It’s the $3 trillion question. How can Americans get better health care for less money? A recent issue of TIME magazine shines the spotlight on a healthcare startup that is attempting to redefine the role of the primary care physician, and in the process, revolutionize the industry.
At the core of the problem is the rate of burnout amongst primary care physicians. According to a 2012 survey by the Urban Institute, nearly a third of all frontline physicians ages 35 to 49 expect to quit within the next five years.
Why the burnout rate is so high shouldn’t come as a surprise:
Like so many others in his field, (Bliss) came to feel that he wasn’t in the business of caring for patients at all. His job was to feed payment codes into the grinding machinery of the insurance companies, rushing from exam room to exam room, ordering tests, making referrals, scheduling follow-up visits in which the cycle would be repeated. He knew that a proper exam, with time for counseling and questions, can take 45 minutes or more. Yet even a 15-minute session became a luxury.
The startup in Seattle, Qliance, is attempting to circumnavigate this system and its complexities, in part by taking the recent trend of concierge medicine and flipping it on its head.

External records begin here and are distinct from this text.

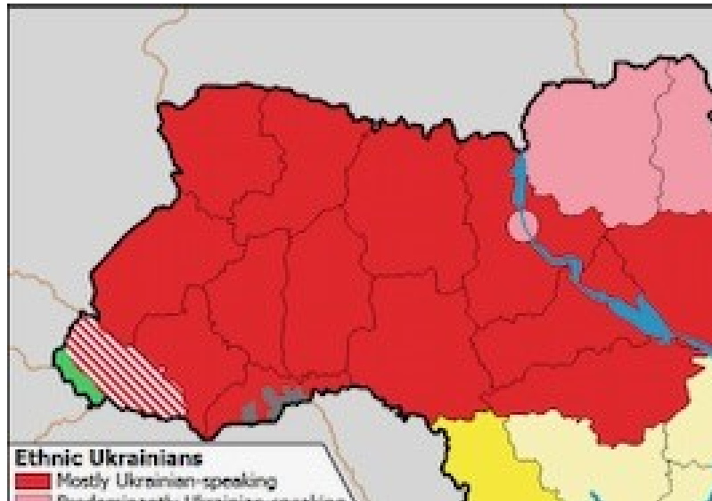
Ethno-linguistic map of Ukraine
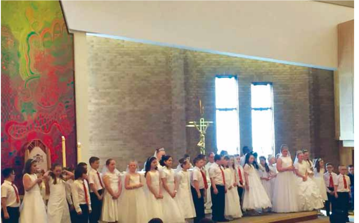
Children who made their First Holy Communion at St Mary's Cathedral in Middlesbrough recently.
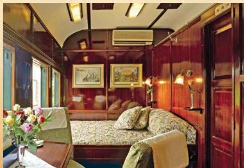
Deluxe Suite with a double bed and a lounge area

Discover the glamour of the Golden Age of train travel aboard the luxurious Rovos Rail. Ride in vintage carriages, restored to mint condition and impeccably appointed. Spend your days in the Observation Car or mingle with fellow travelers in the lounge. Expertly prepared cuisine showcases local ingredients and regional specialties, and all beverages are included. Each morning, take in the scenic splendor of the passing landscapes during a sumptuous breakfast. Three-course lunches and dinners, announced by a gong, include a selection of South African wines.
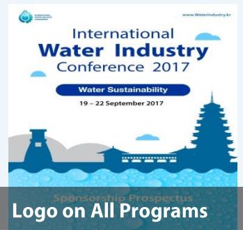
Logo on All Programs
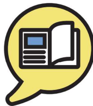
Listen to an Audio Book

The idea is deceptively simple: Pay frontline doctors a fixed monthly fee directly instead of through the byzantine insurance bureaucracy. Make the patient, rather than the paperwork, the focus of the doctor’s day. The result will be happier doctors, healthier patients and a striking reduction in wasted expense.
For a flat fee every month, patients have unlimited access to their doctor–in person and by phone or email–for routine things like checkups, cuts and burns, infections, flu shots and skin exams, as well as chronic-condition maintenance like blood tests for diabetes or high cholesterol. With the increased adoption of mobile technology among clinicians, and healthcare environments that support its use, this idea of access to your doctor by phone or email becomes much more attractive.
The key is making patients, not paperwork, back to being the focal point in healthcare. Those burnout rates are startling, but by redefining the way the healthcare industry operates, “happier doctors and healthier patients” is an achievable goal.